Macros are normally expanded ahead of time (typically during byte-compilation or loading, but "not at eval-time" is the key assumption that you need to make), so any code you're evaluating as part of their expansion gets evaluated at whatever indeterminate time that expansion happens. For code which is evaluated interactively, the macro expansion does happen at that time, but it's still before the eval phase: firstly the code is read, then all macros in the code are expanded until none remain, and finally the result is evaluated.

In your case, the let binding happens only at expansion time, with the resulting value (of whatever case-fold-search was when expansion took place) being hard-coded into the expanded code that actually gets evaluated in place of the macro call.

If you were to repeatedly evaluate your progn interactively then macro expansion would happen each time, but it would always be the previous value of case-fold-search which was hard-coded for evaluation, because the setq doesn't happen until later, during the eval phase.

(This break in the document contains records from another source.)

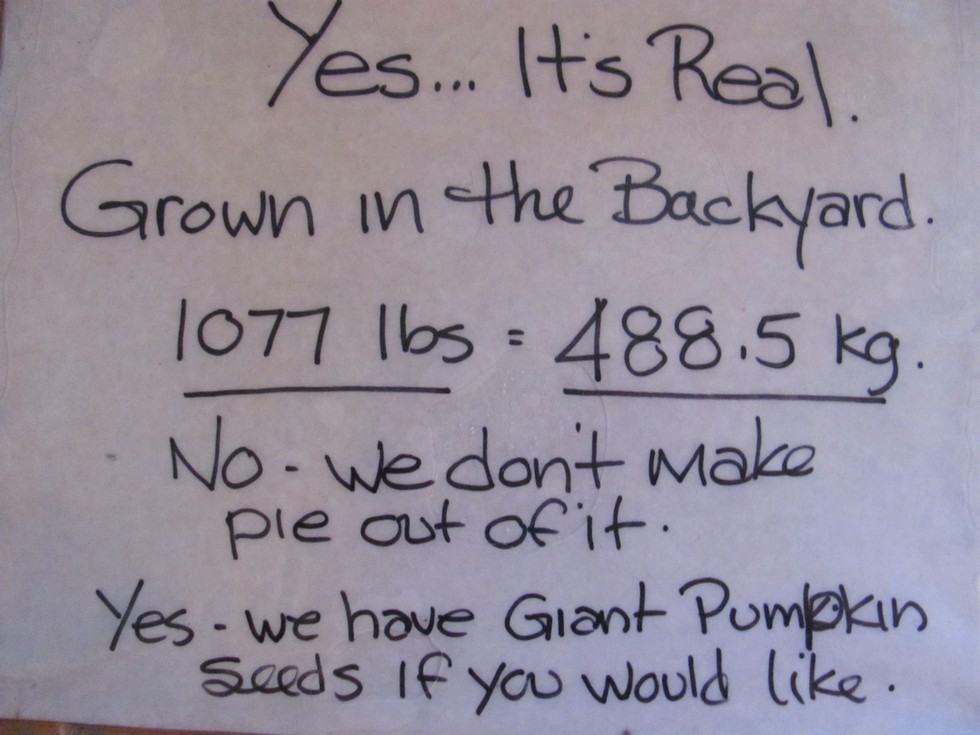While the pumpkin was on display, we had this sign, and a bag full of seeds at the front door. We gave away hundreds of seeds this year...
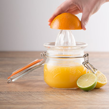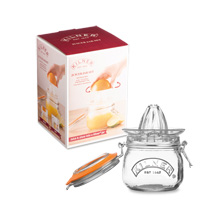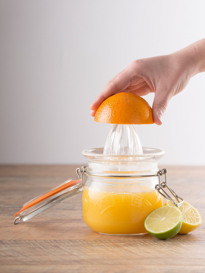Diese Saftpresse aus dem Hause Kilner möchten Sie nicht mehr missen! Perfekt zum Auspressen von Zitronen oder Apfelsinen für einen frischen Orangensaft am Morgen. Der Clou ist die Kombination mit dem nostalgischen Einmachglas (500 ml Fassungsvermögen), in dem Sie den Saft der Früchte aufbewahren oder noch nichtverarbeitete Zitronen lagern können. Der klassische Clip-Deckel mit Silikonring hält Saft oder Früchte frisch. Größe: Durchmesser 15 cm, Höhe 21 cm. Hergestellt von Kilner, Liverpool/England.
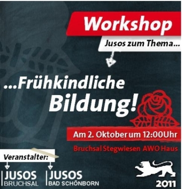 Am 02.10.2010 trafen sich die Jusos Bruchsal und die Jusos Bad Schönborn zu einem Workshop zum Thema frühkindliche Bildung im AWO-Haus in Bruchsal. Ziel war es, sich mit der Bedeutung der frühkindlichen Bildung genauer vertraut zu machen. Dazu befassten sich die Teilnehmer des Workshops zuerst in zwei Gruppen mit dem Begriff der Intelligenz und der Bedeutung der Kindergärten bzw. der Kindertagestätten für die frühkindliche Bildung. Anhand dieser Informationen wurde dann in gemeinsamer Arbeit eine Liste von Forderungen an das Bildungssystem aufgestellt, wobei hier neben einer Kindertagesstätten-/Kindergarten-Pflicht auch die Bedeutung der Sprachförderung betont wurde. „Die frühkindliche Bildung ist nicht nur ein wichtiger Grundstein für die Entwicklung der Kinder, sondern auch der Schlüssel zur Integration“, stellte Marko Vidakovic, Pressesprecher der Jusos Bruchsal, in diesem Zusammenhang fest.
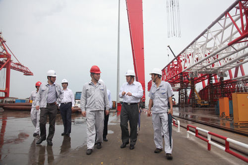 在參觀(guān)公司現場(chǎng)建成自用的1600噸龍門(mén)吊項目、正在吊裝上船的3600噸全回轉浮吊項目、面對公司的120米突堤碼頭以及繁忙的生產(chǎn)組裝現場(chǎng),董總對公司的經(jīng)營(yíng)發(fā)展態(tài)勢予以充分肯定。他說(shuō):在當前市場(chǎng)經(jīng)濟低迷的形勢下,青島海西重機能夠抓住發(fā)展機遇,逆勢而上,尤其在技術(shù)創(chuàng )新和產(chǎn)品開(kāi)發(fā)方面發(fā)揮了自身潛能,具有前瞻性和市場(chǎng)眼光,更是武漢船機公司在船市低迷的情況下,產(chǎn)品結構調整的有力體現。董總特別對近期在煙臺、連云港、海南洋浦等港口項目投標中,我司與上海振華同臺競標并連續奪得標的給予了高度肯定。
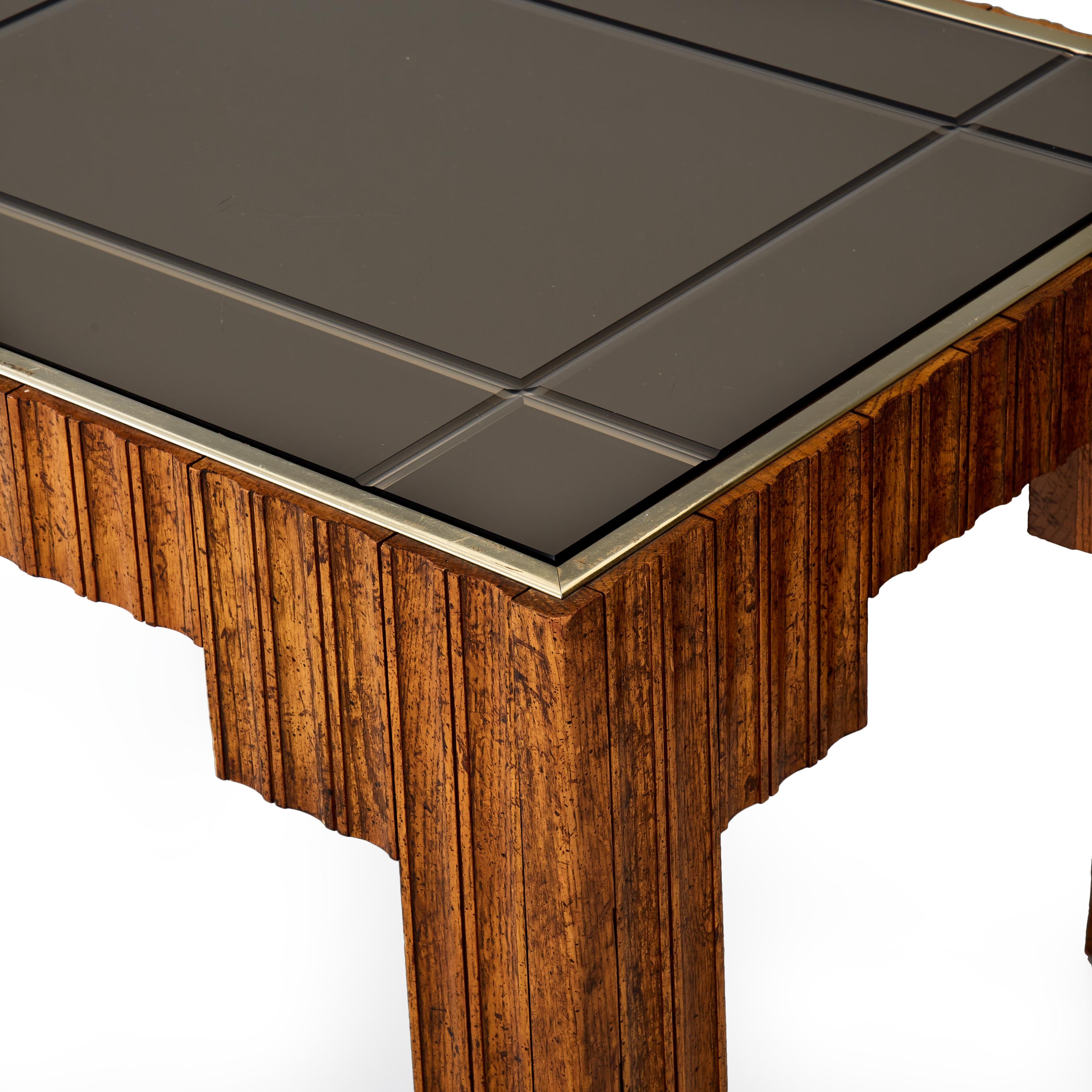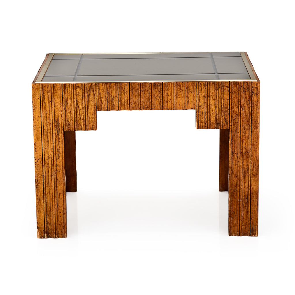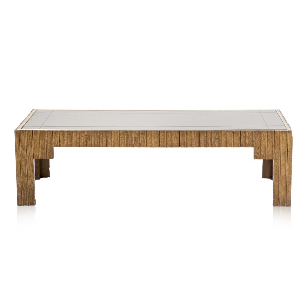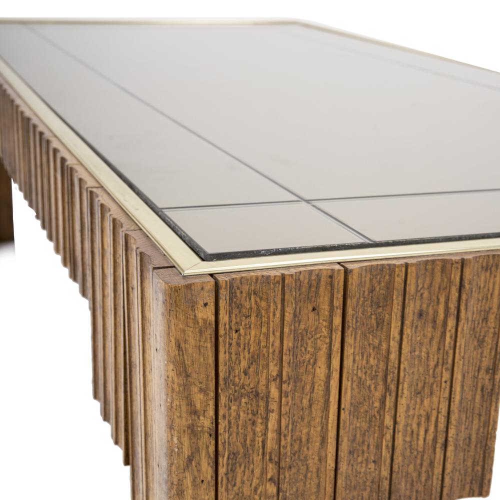 Details: Wide wood and brass vintage dresser with brass accented base, six drawers, and multi-stained wood paneling Dimensions: 28.5" H x 54.5" W x 19" D...
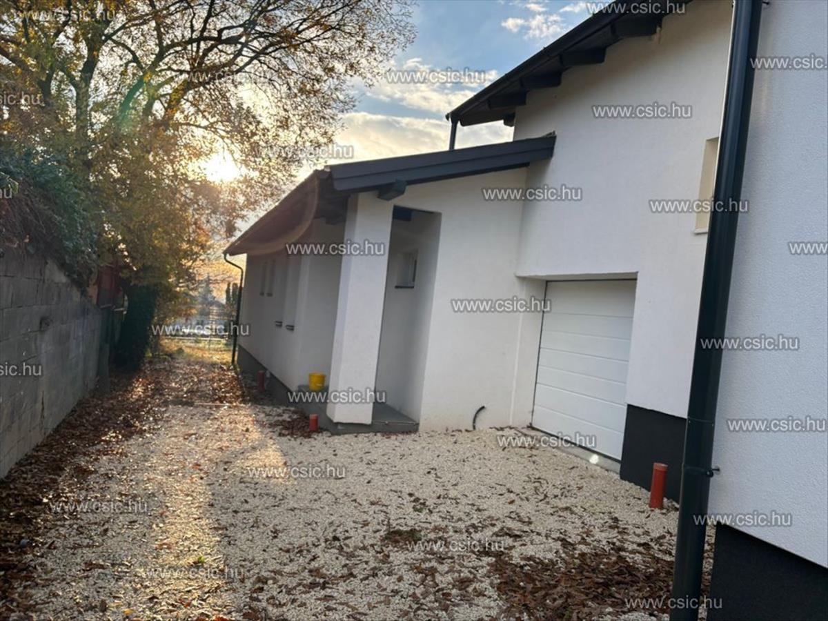 Az ingatlan a másik házrésszel csak a garázs és terasz falánál kapcsolódik, így kiválóan szeparált, teljesen önálló házként funkcionál.
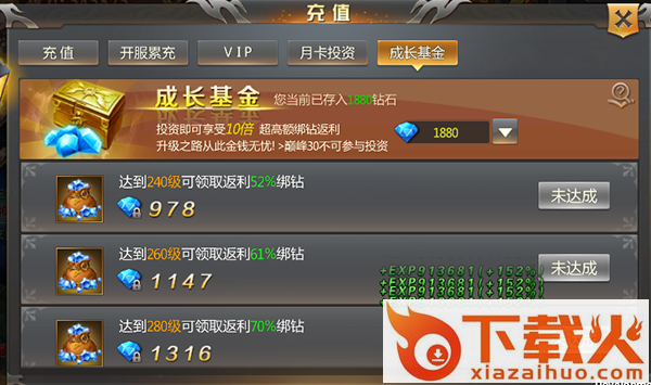 只需要300钻石便能分别在一个月内获得总值2100的绑钻,七倍的收益。平时绑钻我们可以用来买鼓舞、离线挂机卡、复活、进阶丹等等必备的东西。所以月卡投资是绝对不会亏的,必买!
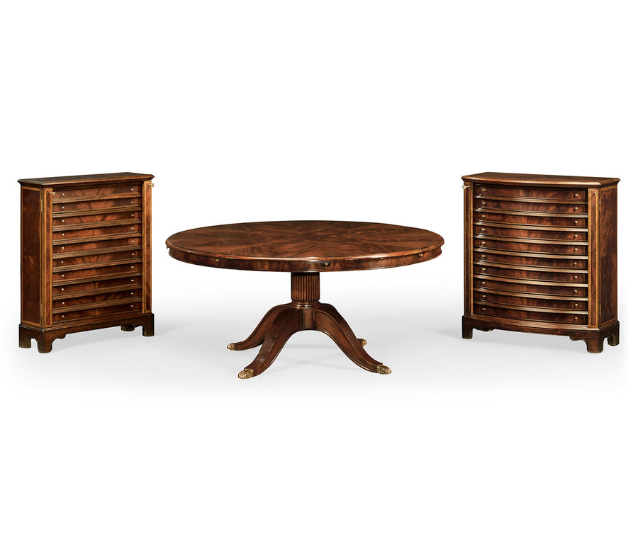 66" Late Regency style extending mahogany circle-to-circle dining table with eight cross banded interlocking leaves and a Wellington cabinet for storage of the leaves with false drawer. It can also turn into a games table and comes with two storage cabine

If you wanted the expanded code to take the eval-time value of case-fold-search into account, you would write this:

(defmacro report-case-fold-search ()
  `(let ((cfs case-fold-search))
     (message "%s" cfs)))

Although if that's a real example, you would just use:

(defmacro report-case-fold-search ()
  `(message "%s" case-fold-search))

There's no particular reason for it to be a macro at all, though, so a function would be preferable.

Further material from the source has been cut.